BC Business
opinion | BCBusiness
Tax avoidance, and its darker cousin tax evasion, have been popular news items in the last few months as countries everywhere (including Canada and the U.S.) try to smoke out rich fat cats and their hidden accounts in places like Switzerland and the Cayman Islands. And make no mistake—tax avoidance (which is legal) is given very few moral points over tax evasion (which is illegal). The U.S. in particular sees no substantive distinction between the two, and Canada’s position isn’t far away: rich folks—or the one percenters in Occupy Wall Street parlance—must be reigned in and made to pay their fair share. Segue now to a couple of news events that, in my mind, indicate that we are all tax avoiders (not evaders), and while individual scales are small, the collective scale is massive. The fat cats get a high public profile, but they are not the real problem.
• Toronto-based Sunquest Vacations announced two weeks ago that it will now offer Canadians vacation packages using U.S. airlines departing from five U.S. cities: Detroit; Burlington, Vermont; Buffalo, Bangor, Maine; and Bellingham.
• Bank of Montreal deputy chief economist Doug Porter concluded in a report released last year that cross-border shopping costs the Canadian economy $20 billion a year inlost economic acvitity.

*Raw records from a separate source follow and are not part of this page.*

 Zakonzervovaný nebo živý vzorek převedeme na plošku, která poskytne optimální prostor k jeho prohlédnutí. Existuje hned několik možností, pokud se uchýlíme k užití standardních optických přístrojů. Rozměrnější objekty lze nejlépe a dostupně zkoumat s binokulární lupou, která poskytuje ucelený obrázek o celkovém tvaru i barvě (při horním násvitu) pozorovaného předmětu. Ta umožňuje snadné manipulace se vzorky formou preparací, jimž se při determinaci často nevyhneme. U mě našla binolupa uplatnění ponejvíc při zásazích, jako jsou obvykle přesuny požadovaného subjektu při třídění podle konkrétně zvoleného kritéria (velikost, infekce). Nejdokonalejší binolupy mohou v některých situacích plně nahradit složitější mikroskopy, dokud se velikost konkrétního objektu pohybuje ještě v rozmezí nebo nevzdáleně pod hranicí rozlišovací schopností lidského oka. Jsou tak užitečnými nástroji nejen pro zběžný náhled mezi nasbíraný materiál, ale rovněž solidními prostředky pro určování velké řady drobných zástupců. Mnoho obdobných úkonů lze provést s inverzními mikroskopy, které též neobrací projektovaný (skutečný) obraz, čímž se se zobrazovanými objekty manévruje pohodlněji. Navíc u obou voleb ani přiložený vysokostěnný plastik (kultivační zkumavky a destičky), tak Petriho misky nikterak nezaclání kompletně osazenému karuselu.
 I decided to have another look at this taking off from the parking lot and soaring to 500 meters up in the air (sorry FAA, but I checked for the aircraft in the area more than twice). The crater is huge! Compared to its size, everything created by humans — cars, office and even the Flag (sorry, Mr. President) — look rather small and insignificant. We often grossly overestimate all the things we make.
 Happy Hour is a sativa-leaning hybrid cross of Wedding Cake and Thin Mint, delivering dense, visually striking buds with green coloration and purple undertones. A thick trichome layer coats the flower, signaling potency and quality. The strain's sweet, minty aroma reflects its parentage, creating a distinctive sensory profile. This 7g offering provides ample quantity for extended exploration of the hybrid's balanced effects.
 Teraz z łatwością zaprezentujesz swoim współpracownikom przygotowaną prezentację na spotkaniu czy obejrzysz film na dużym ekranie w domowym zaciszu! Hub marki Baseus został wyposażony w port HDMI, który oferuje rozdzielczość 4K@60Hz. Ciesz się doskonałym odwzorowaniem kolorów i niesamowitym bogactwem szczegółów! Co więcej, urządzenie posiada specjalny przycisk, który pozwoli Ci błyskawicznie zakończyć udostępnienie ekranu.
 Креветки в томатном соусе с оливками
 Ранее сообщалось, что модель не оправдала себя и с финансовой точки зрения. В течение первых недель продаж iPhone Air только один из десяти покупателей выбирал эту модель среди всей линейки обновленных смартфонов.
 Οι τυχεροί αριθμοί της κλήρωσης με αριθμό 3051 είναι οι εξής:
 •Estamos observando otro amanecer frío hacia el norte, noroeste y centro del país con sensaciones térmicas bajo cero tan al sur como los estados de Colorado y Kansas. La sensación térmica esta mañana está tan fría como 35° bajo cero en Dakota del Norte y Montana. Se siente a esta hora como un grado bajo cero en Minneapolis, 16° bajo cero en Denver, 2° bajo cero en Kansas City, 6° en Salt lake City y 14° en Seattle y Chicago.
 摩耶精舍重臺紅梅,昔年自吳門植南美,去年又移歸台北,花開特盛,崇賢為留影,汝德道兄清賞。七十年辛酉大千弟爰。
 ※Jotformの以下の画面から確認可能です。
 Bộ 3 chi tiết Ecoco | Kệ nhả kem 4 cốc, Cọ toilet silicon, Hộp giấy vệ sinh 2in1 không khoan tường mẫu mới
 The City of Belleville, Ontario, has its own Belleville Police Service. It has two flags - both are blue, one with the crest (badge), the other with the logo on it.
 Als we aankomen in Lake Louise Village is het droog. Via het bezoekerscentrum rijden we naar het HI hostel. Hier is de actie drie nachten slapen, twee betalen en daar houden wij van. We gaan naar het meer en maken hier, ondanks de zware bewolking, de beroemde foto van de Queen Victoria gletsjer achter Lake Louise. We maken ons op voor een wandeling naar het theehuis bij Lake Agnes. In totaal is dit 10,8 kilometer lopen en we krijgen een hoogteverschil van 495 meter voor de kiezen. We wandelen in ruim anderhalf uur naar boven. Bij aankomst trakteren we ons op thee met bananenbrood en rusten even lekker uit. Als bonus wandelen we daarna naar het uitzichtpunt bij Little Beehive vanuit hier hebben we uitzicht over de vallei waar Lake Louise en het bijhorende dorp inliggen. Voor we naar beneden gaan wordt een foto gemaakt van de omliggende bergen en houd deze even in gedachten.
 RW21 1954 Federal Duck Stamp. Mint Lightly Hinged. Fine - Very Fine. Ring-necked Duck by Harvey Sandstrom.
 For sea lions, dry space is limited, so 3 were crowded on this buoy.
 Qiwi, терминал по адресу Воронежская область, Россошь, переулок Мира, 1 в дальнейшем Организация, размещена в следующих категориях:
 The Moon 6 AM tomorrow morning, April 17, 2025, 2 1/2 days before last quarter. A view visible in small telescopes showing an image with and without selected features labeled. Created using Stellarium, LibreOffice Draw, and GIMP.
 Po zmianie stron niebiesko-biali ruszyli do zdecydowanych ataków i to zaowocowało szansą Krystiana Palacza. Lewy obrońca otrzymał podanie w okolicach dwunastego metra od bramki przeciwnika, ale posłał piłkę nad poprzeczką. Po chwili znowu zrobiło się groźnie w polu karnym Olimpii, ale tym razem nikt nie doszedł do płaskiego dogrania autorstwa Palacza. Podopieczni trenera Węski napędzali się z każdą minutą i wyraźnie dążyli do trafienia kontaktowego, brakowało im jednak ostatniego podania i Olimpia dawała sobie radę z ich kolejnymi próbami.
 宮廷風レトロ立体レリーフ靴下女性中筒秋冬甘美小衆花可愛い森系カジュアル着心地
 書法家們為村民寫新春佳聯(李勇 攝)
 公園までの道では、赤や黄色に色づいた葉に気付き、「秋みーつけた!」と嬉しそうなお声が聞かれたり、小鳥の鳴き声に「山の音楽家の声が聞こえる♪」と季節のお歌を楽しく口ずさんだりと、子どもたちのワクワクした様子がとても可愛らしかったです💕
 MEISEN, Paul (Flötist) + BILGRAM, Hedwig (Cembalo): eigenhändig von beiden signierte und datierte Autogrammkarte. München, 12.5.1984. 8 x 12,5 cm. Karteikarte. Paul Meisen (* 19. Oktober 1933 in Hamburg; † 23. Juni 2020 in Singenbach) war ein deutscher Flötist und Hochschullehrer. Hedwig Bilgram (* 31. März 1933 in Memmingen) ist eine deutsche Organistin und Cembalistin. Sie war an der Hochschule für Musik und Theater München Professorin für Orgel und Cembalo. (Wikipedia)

What does this have to do with tax avoidance? Everything. The Sunquest announcement is just the latest example of a problem that has been growing in significance for nearly a decade. Most Canadians live within a two-hour drive of the U.S. border, and a Conference Board of Canada report estimates that nearly five million Canadians a year fly out of U.S. airports instead of Canadian airports because they can get, on average a 30-per-cent discount on their tickets. There are several reasons for this, but a big factor—40 per cent according to the Conference Board—is taxes. The federal government uses Canadian airports as cash cows, charging outrageous rents (a.k.a. taxes) and other fees—all of which get passed on to customers in the ticket prices—except for those five million who head south. Cross border shopping is in the news frequently, especially around U.S. Thanksgiving and the upcoming Christmas Holidays. BMO’s Porter was quoted in a Canadian Press story saying his $20-billion estimate is conservative, and he predicts that the raised duty-free levels (from $50 to $200 for a 24 hour or longer stay) will exacerbate the problem. Why do Canadians flock across the border? Because the prices are lower—for just about everything. And they are lower, in part, because American tax rates are lower. This is particularly true for commodities like gasoline. When $20 billion is sucked out of the Canadian economy, that’s $20 billion that does not get taxed by anyone in Canada. Cross-border shoppers—and the numbers are steadily rising—are tax avoiders. Whether it’s cheaper airplane tickets, cheaper gasoline, or cheaper big-screen TVs, Canadians have shown by their behaviour that they have no problem whatsoever with tax avoidance—as long as it isn’t a rich person doing it.
Don Whiteley is a natural resources writer based in North Vancouver.